>>

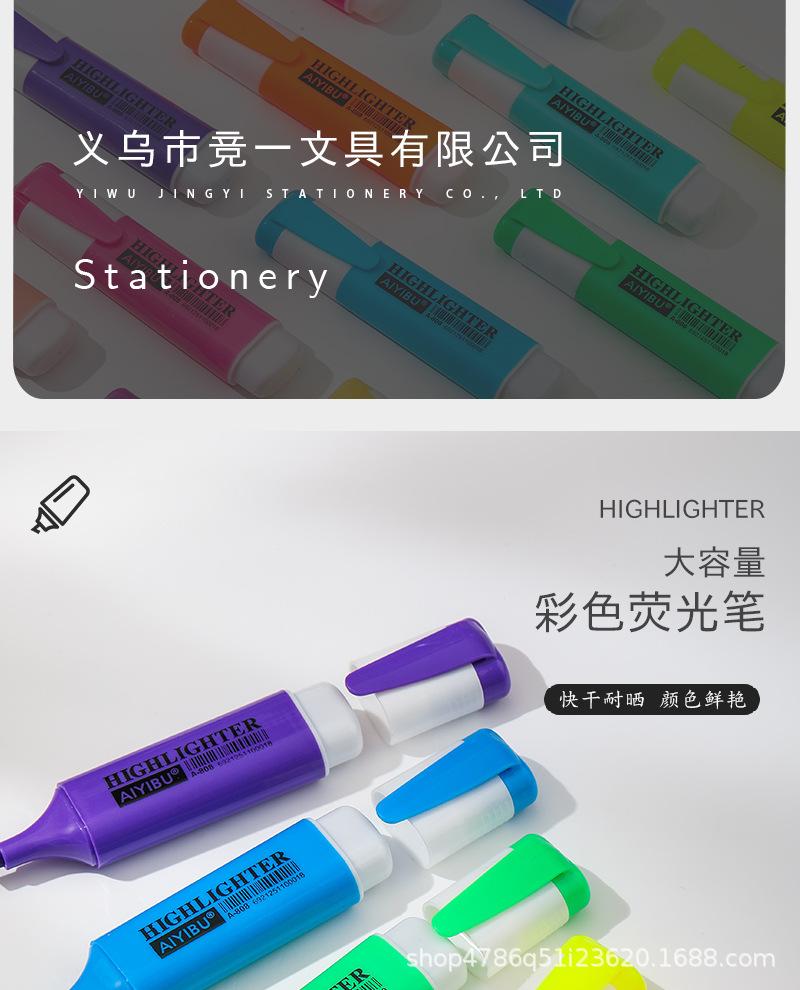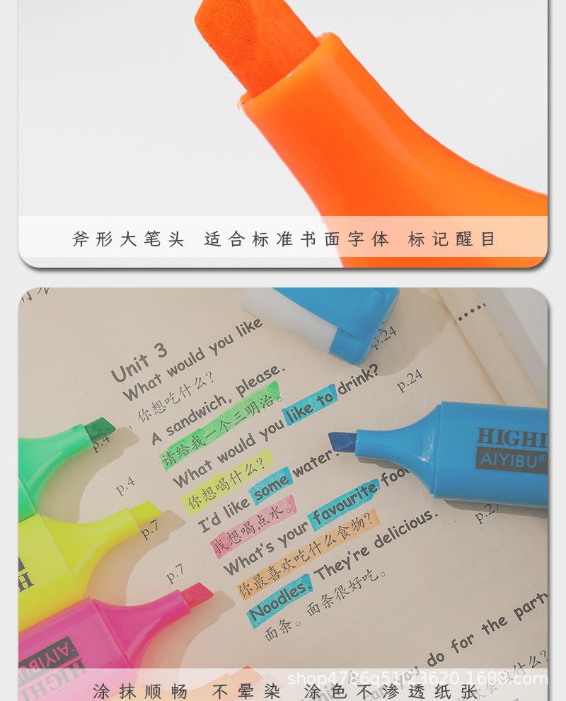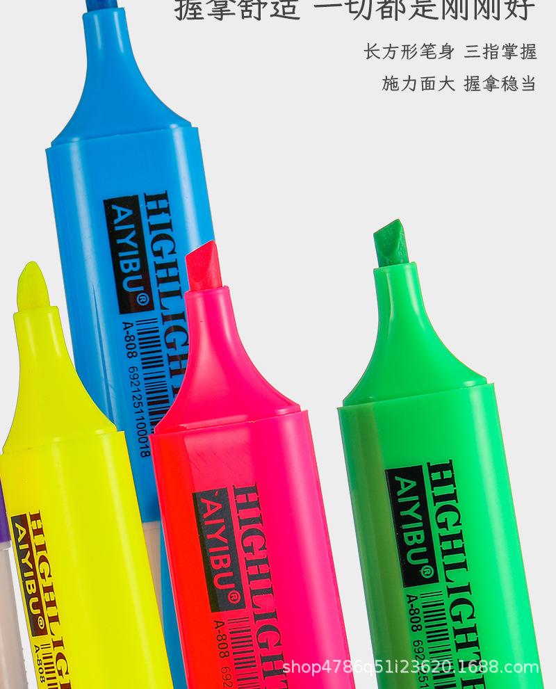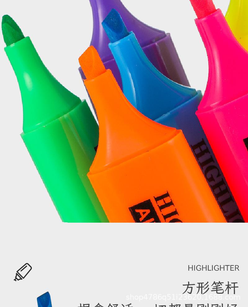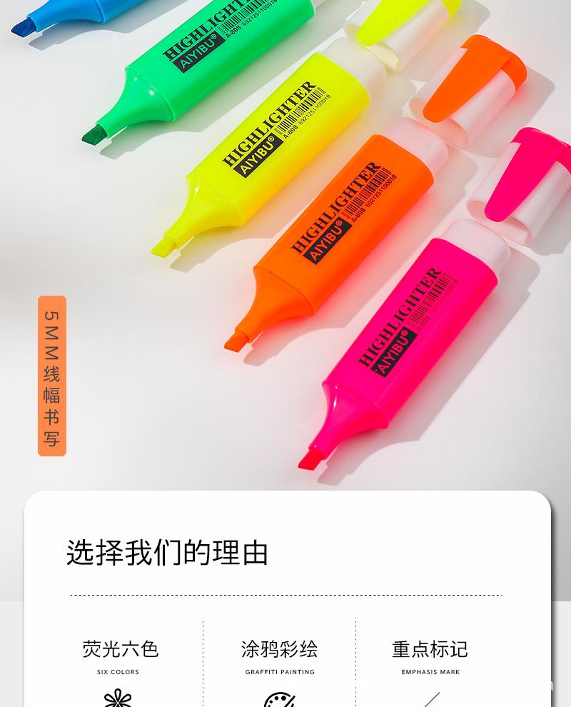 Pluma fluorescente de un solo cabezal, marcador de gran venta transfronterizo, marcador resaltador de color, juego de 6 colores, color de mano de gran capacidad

<<
>>

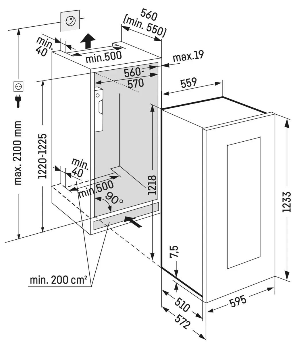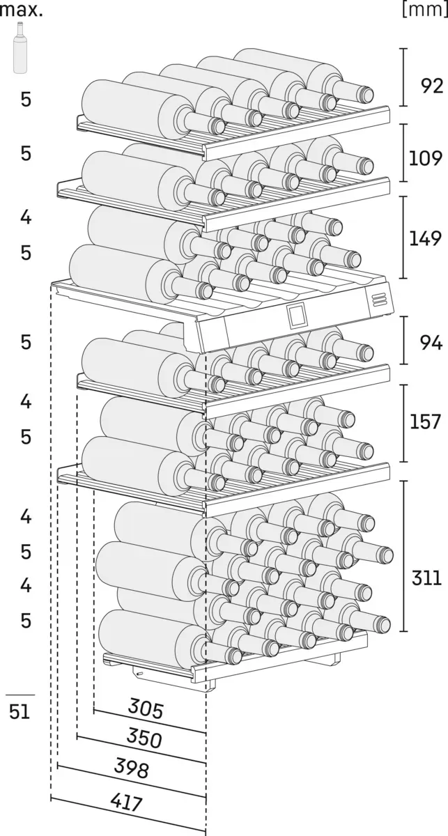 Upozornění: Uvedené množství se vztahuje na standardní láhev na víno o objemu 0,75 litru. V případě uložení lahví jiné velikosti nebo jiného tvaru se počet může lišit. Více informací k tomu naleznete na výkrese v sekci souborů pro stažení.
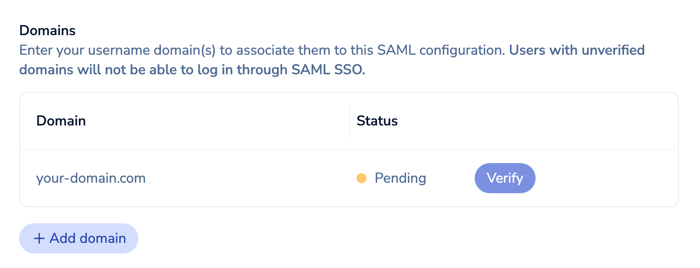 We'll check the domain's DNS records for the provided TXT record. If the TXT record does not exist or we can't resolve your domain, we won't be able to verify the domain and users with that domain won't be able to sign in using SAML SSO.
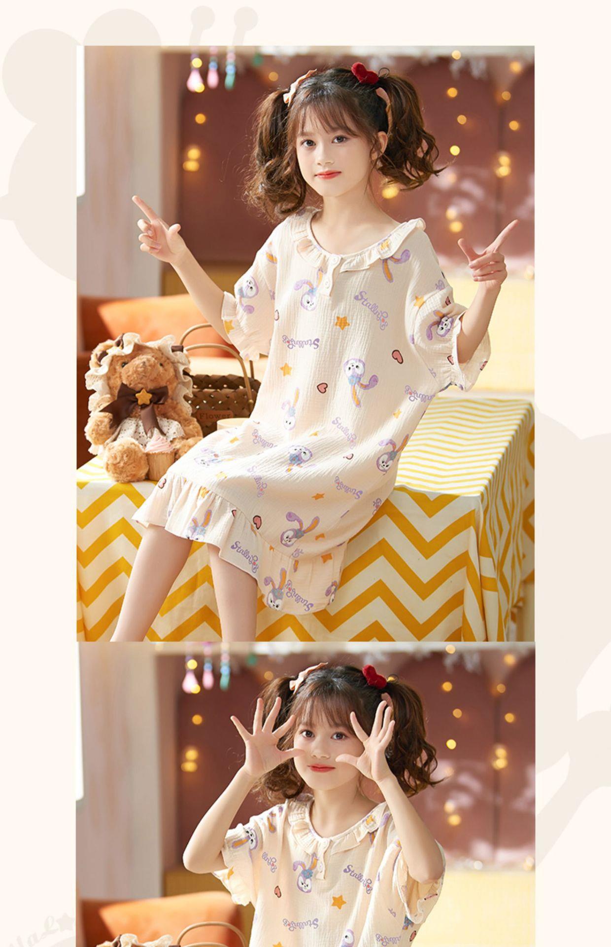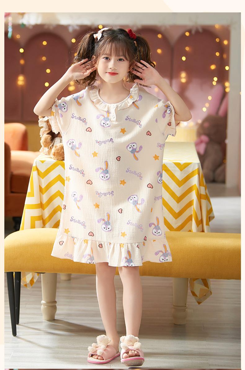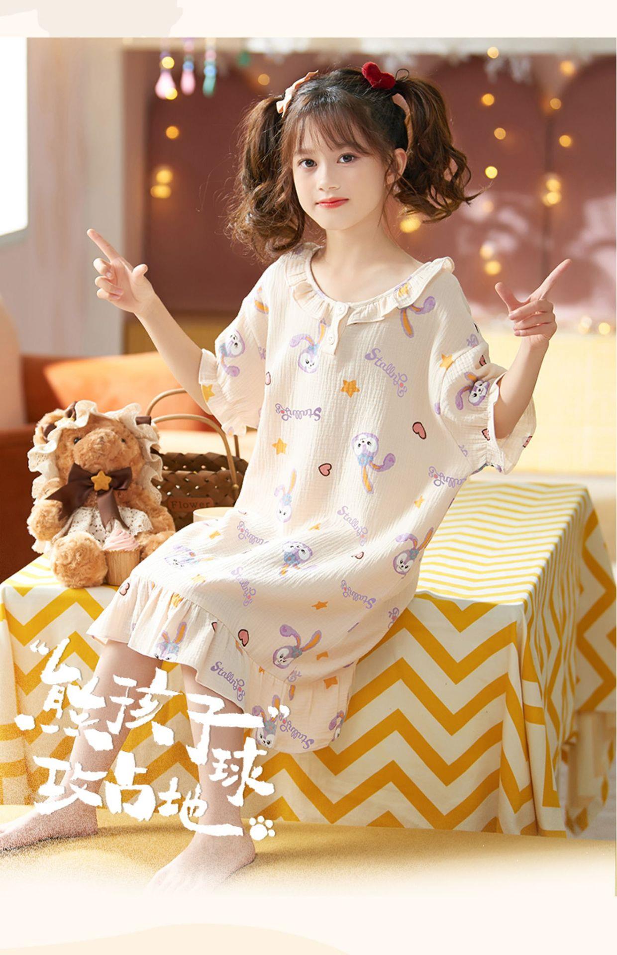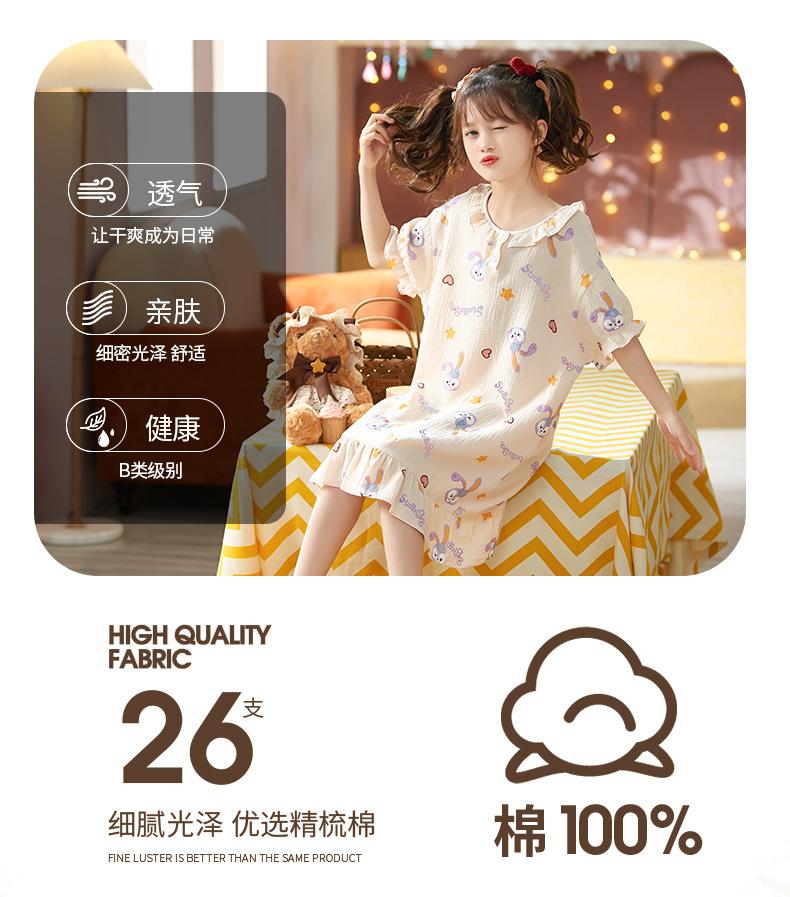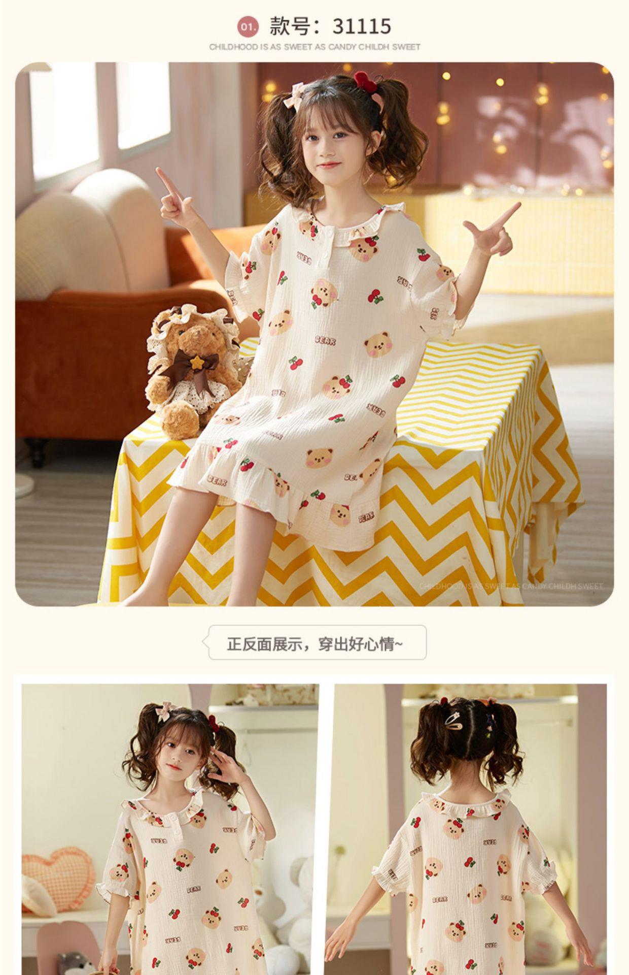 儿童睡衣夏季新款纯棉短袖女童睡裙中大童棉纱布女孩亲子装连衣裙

<<

TASK TO COMPLETE: Using the data above, output the line that has "Upozornění: Uvedené množství", the line that has "儿童睡衣夏季新款纯棉短袖女童睡裙中大童棉纱布女孩亲子装连衣裙", and whatever lines fall between, each exactly as it stands and without pictures.

RESULT:
 Upozornění: Uvedené množství se vztahuje na standardní láhev na víno o objemu 0,75 litru. V případě uložení lahví jiné velikosti nebo jiného tvaru se počet může lišit. Více informací k tomu naleznete na výkrese v sekci souborů pro stažení.
 We'll check the domain's DNS records for the provided TXT record. If the TXT record does not exist or we can't resolve your domain, we won't be able to verify the domain and users with that domain won't be able to sign in using SAML SSO.
 儿童睡衣夏季新款纯棉短袖女童睡裙中大童棉纱布女孩亲子装连衣裙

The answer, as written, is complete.